Cruel cuando está yerma.
Su resplandor me calcina. O tal vez yo la tenga atrapada.
La dejo ir. La dejo ir.
Menguante y chata, como después de una cirugía radical.
Cómo me poseen y me alimentan tus pesadillas.
Estoy habitada por un grito.
Nocturno aletea
Buscando, con sus garfios, algo para amar.
Me aterroriza esta cosa oscura
Que duerme en mí;
Todo el día siento sus suaves giros como plumas, su malignidad.
Nubes pasan y se dispersan.
¿Son esas las caras del amor, esas pálidas irrecuperables?
¿Es por ellas que se agita mi corazón?
Soy incapaz de más conocimiento.
¿Qué es esto, esta cara
tan asesina en su manera de estrangularse con ramas?
Su ácido beso de víbora.
Petrifica la voluntad. Estas son las aisladas, lentas faltas
Que matan, que matan, que matan.
El ahorcado.
Por la raíz del pelo algún dios me atrapó.
En sus voltios azules saqué chispas,
Ardí como un profeta del desierto.
Las noches de un chasquido como párpados
De un lagarto quedaron invisibles:
Un mundo de días blancos y pelados
En la cavidad de un ojo sin sombra.
Un tedio buitrero con alfileres
Me dejó fijo y prendido de este árbol.
En mi lugar, él haría lo mismo.
Tulipanes.
Son demasiado emotivos los tulipanes, aquí es invierno.
Fíjate: todo blanco, todo en silencio, nevado todo.
Estoy aprendiendo paz, yaciendo a solas, en silencio
como yace la noche contra esos muros blancos, este lecho, estas manos.
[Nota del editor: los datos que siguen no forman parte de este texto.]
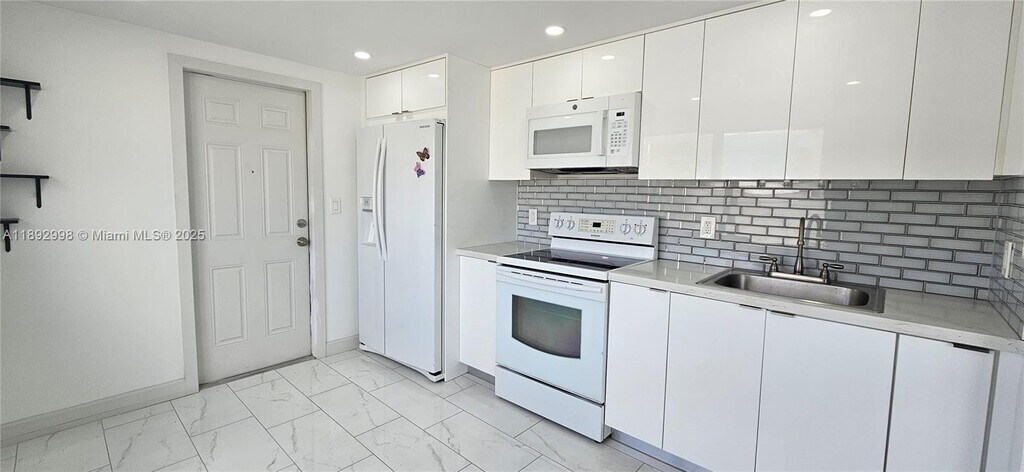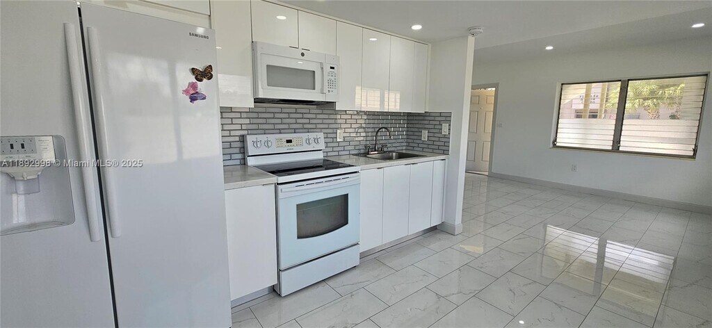 Gorgeous updated apartment featuring 2 bedrooms, 2 full bathrooms, and 2 assigned parking spaces. Located on the first floor of a well-maintained corner building. Modern remodeled kitchen, bathrooms, and floors. Bright and private corner location. Laundry room available in the building. No association approval required. Only first month and security deposit to move in! Convenient location near shops, schools, and major roads.

No soy nadie; no tengo nada que ver con explosiones.
He dado a las enfermeras mi nombre, mi ropa de diario
y al anestesista mi historia, mi cuerpo a los cirujanos.
Encajaron mi cabeza, apuntalándola, entre la almohada y el borde de la sábana
como un ojo entre dos párpados blancos que no quieren cerrarse.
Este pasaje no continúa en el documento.